Scalability of a cluster is often perceived as a matter of being able to scale out, but in practice the constraint of latency may be at least as important; it does not really help making a system future proof in terms of data size capacity if it turns out that handling an increasing amount of data will render the system intolerably slow. This post gives a high level idea of the concept of sharding. We will elaborate on the principle in general, how it relates to affinity and speed and then present some code examples of sharding usage for low latency.

Sharding as Divide and Conquer

There are many problems that can be solved by dividing the problem into smaller subproblems and then assembling the subresults. In a cluster environment where several nodes cooperate to deliver a service, such a divide and conquer strategy may turn a single intractable problem into several smaller and therefore solvable problems.

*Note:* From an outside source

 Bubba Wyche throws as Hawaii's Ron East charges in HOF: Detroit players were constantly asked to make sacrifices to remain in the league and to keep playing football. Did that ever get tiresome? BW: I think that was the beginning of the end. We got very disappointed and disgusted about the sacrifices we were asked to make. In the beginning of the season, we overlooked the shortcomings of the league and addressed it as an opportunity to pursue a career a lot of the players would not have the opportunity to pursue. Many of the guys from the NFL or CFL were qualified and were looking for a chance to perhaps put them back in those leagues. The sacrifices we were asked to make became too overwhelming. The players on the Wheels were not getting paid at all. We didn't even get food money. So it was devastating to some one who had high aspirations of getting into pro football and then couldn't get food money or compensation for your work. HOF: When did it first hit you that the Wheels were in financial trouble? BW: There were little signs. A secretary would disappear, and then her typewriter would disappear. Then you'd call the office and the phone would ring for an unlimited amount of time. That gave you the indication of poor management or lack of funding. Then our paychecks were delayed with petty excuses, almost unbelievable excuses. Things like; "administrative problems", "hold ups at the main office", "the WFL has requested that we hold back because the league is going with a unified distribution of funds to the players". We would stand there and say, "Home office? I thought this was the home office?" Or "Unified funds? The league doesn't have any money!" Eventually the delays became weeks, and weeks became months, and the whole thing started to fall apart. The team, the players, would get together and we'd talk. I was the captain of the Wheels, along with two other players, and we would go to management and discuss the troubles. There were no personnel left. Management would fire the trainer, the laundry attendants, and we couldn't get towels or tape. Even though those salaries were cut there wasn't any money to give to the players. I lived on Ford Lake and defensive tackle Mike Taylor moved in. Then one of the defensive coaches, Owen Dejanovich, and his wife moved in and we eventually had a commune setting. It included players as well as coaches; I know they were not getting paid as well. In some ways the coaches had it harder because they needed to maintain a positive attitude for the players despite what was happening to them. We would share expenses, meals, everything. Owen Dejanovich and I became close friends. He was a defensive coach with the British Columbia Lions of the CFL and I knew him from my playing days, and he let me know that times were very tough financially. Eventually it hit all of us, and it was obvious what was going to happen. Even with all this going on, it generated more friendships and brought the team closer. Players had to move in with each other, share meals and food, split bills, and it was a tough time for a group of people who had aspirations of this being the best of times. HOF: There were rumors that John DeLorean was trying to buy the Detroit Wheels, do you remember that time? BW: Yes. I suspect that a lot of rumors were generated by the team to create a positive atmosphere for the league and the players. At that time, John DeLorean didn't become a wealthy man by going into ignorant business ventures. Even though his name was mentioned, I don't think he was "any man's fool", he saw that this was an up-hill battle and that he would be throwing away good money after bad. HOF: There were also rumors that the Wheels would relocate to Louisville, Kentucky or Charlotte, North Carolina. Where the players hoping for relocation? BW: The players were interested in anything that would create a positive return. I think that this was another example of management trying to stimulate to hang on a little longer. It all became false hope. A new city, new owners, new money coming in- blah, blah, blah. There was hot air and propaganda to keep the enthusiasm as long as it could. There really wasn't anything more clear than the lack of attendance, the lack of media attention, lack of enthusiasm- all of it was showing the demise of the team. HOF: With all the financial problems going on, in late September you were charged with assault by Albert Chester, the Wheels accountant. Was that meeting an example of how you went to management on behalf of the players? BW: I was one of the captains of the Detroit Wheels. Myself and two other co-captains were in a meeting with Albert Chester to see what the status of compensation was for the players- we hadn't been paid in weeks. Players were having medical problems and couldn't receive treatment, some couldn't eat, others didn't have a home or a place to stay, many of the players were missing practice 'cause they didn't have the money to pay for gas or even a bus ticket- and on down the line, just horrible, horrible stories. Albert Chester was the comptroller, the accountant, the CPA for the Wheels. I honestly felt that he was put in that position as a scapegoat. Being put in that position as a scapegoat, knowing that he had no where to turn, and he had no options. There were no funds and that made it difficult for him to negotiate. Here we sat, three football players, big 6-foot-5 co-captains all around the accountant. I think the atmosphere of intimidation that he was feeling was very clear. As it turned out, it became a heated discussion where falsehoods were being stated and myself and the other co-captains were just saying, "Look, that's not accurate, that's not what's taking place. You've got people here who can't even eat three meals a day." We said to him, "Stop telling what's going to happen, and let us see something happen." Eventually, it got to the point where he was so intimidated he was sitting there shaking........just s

If the size of the data is too large for any of the cluster nodes, the cluster may still be able to handle the service if the data can be partitioned between the nodes.

The strategy of partitioning the data in a way that it lends itself for local computations is often referred to as sharding. A simple example would be a directory lookup service. Let us say we design a clustered lookup service which will return the phone number of a person given her name. Let us assume that the size of the lookup table is more than what we can fit into a single node. This means that the nodes will need to cooperate somehow, and divide the lookup table data between them.

In this example, there keys to the lookup table are totally ordered. Then it is easy to devise threshold values by which we partition the keys. We may for example say that the first node holds all names that appear before Charlie in the alphabet and the second all names between Charlie and Delta and so on. The name is then what we call a shard key which we use to determine node given key. Having a strategy for how to find the node given a key, it is easy to devise an edge service of our cluster that given a node routes the request to the proper node.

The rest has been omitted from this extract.